Have a backup system you trust.

Lisa Benson, a contributing writer at Migraine.com and mother of a 2-year-old, says the first step in her parenting plan is to ask her husband or a family member for help in caring for her daughter. Having a scenario that includes reaching out for assistance is common among migraineurs. It’s a request that Brian M. Plato, DO, Medical Director of Headache Medicine for the Norton Neuroscience Institute in Louisville, Kentucky, encourages in his patients. Dr. Plato advises moms to “be very open and honest with those in your life regarding the problems you have with migraines. This opens up the conversation to having people who may at times be able to help.”

Keep activities low-key.

Another key to parenting solo is keeping time-consuming tasks down to a minimum. Being out in the bright, smelly, loud world can send pain levels skyrocketing and make a trip to the emergency room inevitable.

And keeping a regular sleep schedule is important in preventative care: People with migraines are between 2 and 8 times more likely to have sleep disorders, according to the American Migraine Foundation, which notes that regular, adequate sleep can lead to fewer headaches. Benson’s next step is to sleep when her toddler sleeps. “I always take advantage of her nap time, and I will go to bed early if I need to,” she says.

Stock up on low-prep dinners.

When you're dealing with a migraine, one thing that's nearly impossible to tackle is getting a meal to the table. Ebba is a fan of having ready-to-go meals, especially ones that her older kids can cook on their own. She also plans ahead and has money set aside for delivery.

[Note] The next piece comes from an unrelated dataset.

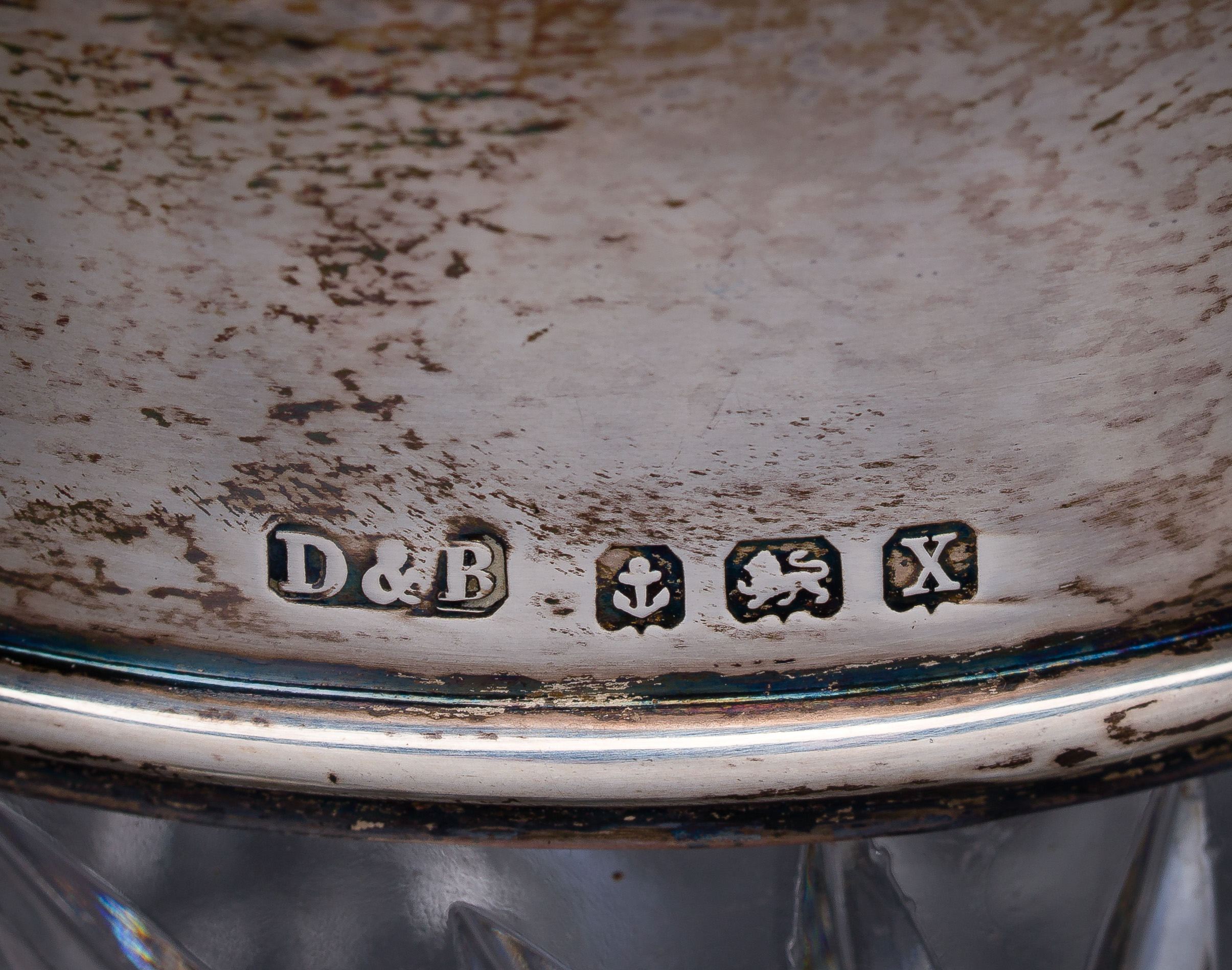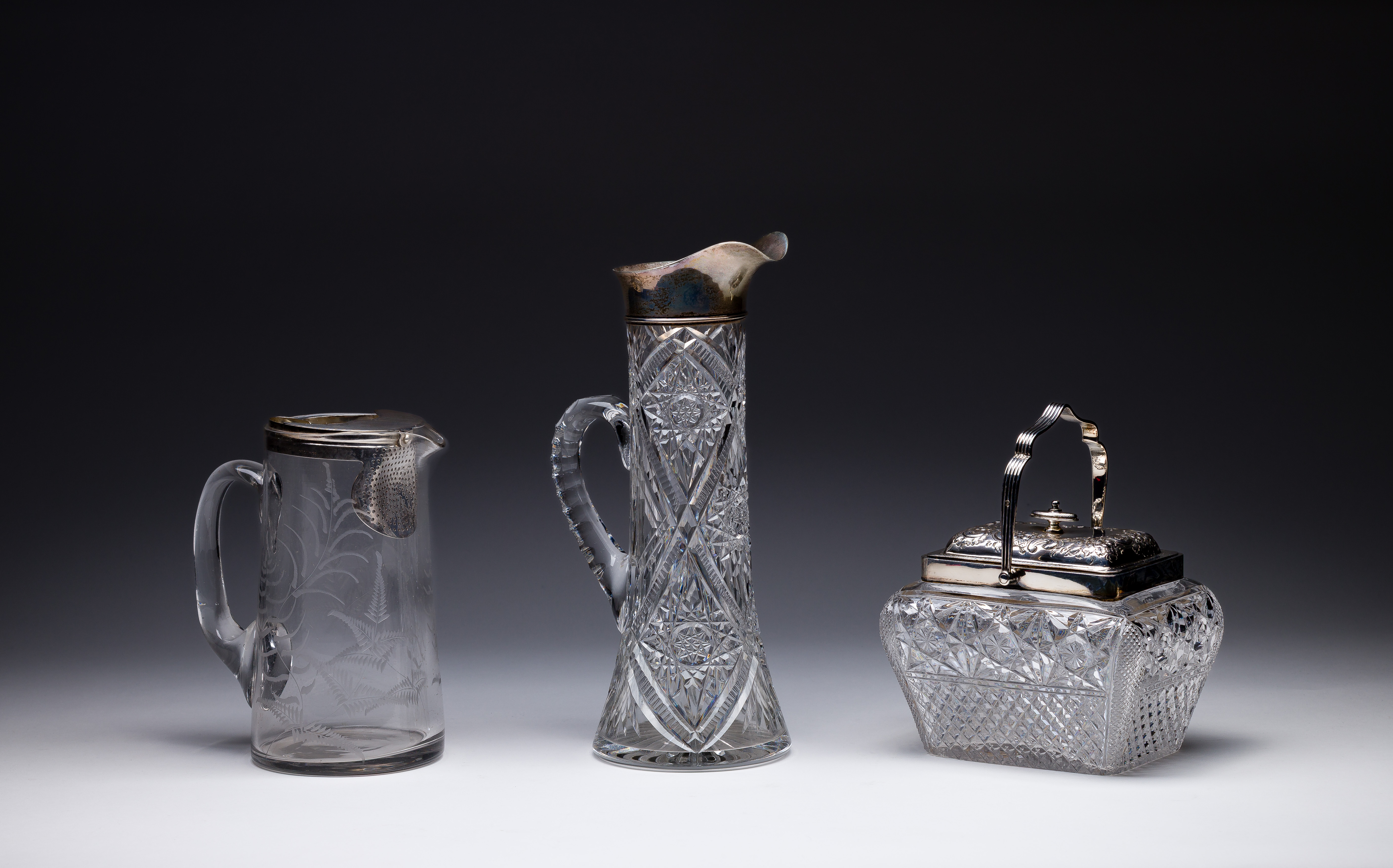 (3) items including a Docker & Bum cut glass ewer having Birmingham anchor and 'X' having serifs from 1872, a Charles Edward Nixon cut glass biscuit box having Sheffield crown and Gothic 'c' from 1895 and an Elkington & Co. Ltd etched glass pitcher having Birmingham anchor and 'f' having serifs from 1905 (all having lion passant and hallmarks to mounts)

Find fuss-free activities.

Jody Gerbig Todd, the mother of 5-year-old triplets, began having migraines more than 20 years ago. Not only does she make sure to have an easy meal prep handy, she takes advantage of local resources to snag some much-needed parenting downtime. “The library now loans out children's read-along audiobooks, which I always have on hand," she says. "They can sit with those for hours.” In order to extend her moments of rest, Todd keeps puzzles her kids have never seen and untouched art supplies for when she has a migraine.

Take time for yourself.

Scoring a break while your children are safely engaged means scoring moments for your own self-care. This pause can look like cuddling with your kid and your heating pad, staying hydrated, or simply breathing deeply. Moreno suggests using hot and/or cold ice when a migraine is coming on. "Applying one to four drops of peppermint essential oil around the scalp has proven helpful in some patients,” he says.

Talk to your doctor about new treatments.

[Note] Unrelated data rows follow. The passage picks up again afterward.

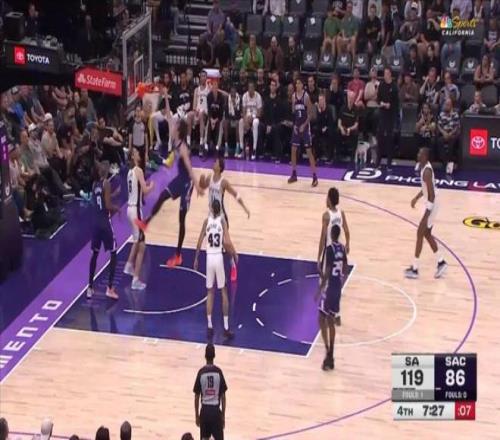拿上一場對陣馬刺的比賽來說,國王輸得非常干脆,第一節就落后了17分,最多落后38分,最終以104-132不敵馬刺。
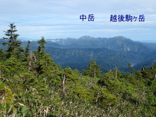 | 6時30分:会津駒ヶ岳山頂。中門岳方向へ足を向けると、越後駒ヶ岳が姿を現す(八海山は真ん中にチョコッと)。 | |||
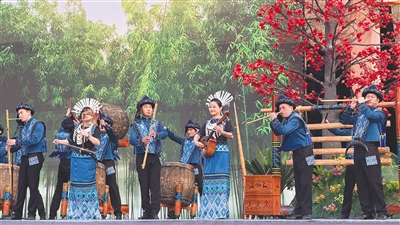 2025年“雨林与您”体验活动主会场演出上的黎族特色乐器合奏。
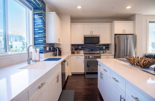 Experience modern coastal living in this fully furnished 3-bedroom, 3.5-bath townhome in South Oceanside. With 1,951 sq. ft. across three levels, enjoy an open-concept layout, gourmet kitchen, and a private rooftop deck with panoramic ocean views on the 4th level. Perfect for business professionals, travel nurses, or families, this home is just a 5-minute walk to the beach, features a 2-car garage, and has access to the community pool and spa. Minimum 30-day stays.
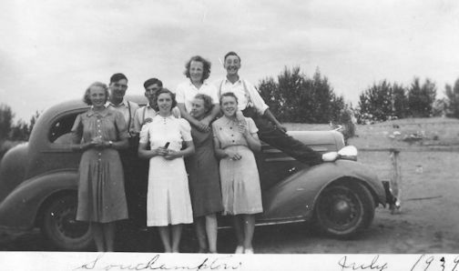 In the back, are Burton Slade (left), Cecil Hollands, Margaret Farrell, and Joe Elliott; and in front, Olive Farrell (left), Doris Pollock, June Elliott, and Evelyn Pollock; photos courtesy of Ruth Anne Hollands Robinson
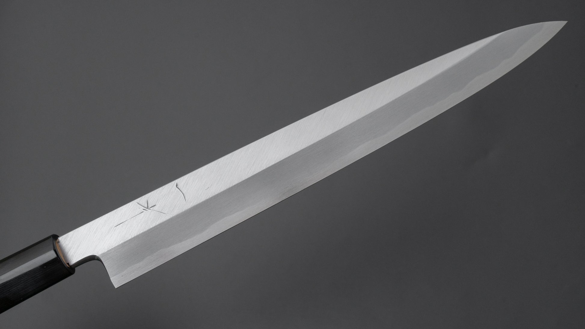 The traditional Japanese slicer. The king of knives and ofter referred to as ’Sushi knife’ it is used for slicing boneless protein. More specific and less versatile compared to the Sujihiki, the performance of the properly sharpened Yanagiba will yield much higher quality results due to their geometry and sharpness. Characteristics in steel are pronounced in single bevel knives and different sharpeners make for much variety.

Tools that are being made available now are some that both Moreno and Plato say are revolutionary in this phase of migraine treatment. “This is the most exciting time in my mind in the world of migraine because of these new treatments,” Plato says. CGRPs (calcitonin gene-related peptides) are a new class of treatment that has transformed the migraine field. One study showed that, for those with migraine, this preventive treatment has demonstrated a reduction of migraine headache days per month by 50% or more in 50% of patients who received the full dosage in clinical trials. “New technology is allowing for better understanding of migraine pathophysiology and the development of novel therapies,” Moreno says. If it's been a while since you've checked in with your doctor, you might want to schedule an appointment to discuss these new therapies.

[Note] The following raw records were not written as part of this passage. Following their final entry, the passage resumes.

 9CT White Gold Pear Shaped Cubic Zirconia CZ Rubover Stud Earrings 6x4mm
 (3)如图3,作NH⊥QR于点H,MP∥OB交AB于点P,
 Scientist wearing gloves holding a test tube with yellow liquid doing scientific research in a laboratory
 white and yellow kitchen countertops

Know that if you’re a mom with migraines, I feel your pain. I know that parenting while managing migraines can feel isolating, but Plato reassures us we’re not alone. “It’s a medical condition and a disease that needs people talking about it to increase awareness,” he says. I’m hopeful that with new treatments becoming available, 6-year-old’s latest prediction might be a reality, “One day Mom, you’ll wake up and no more migraine!” Until then, I totally have my tools ready, and I have a plan.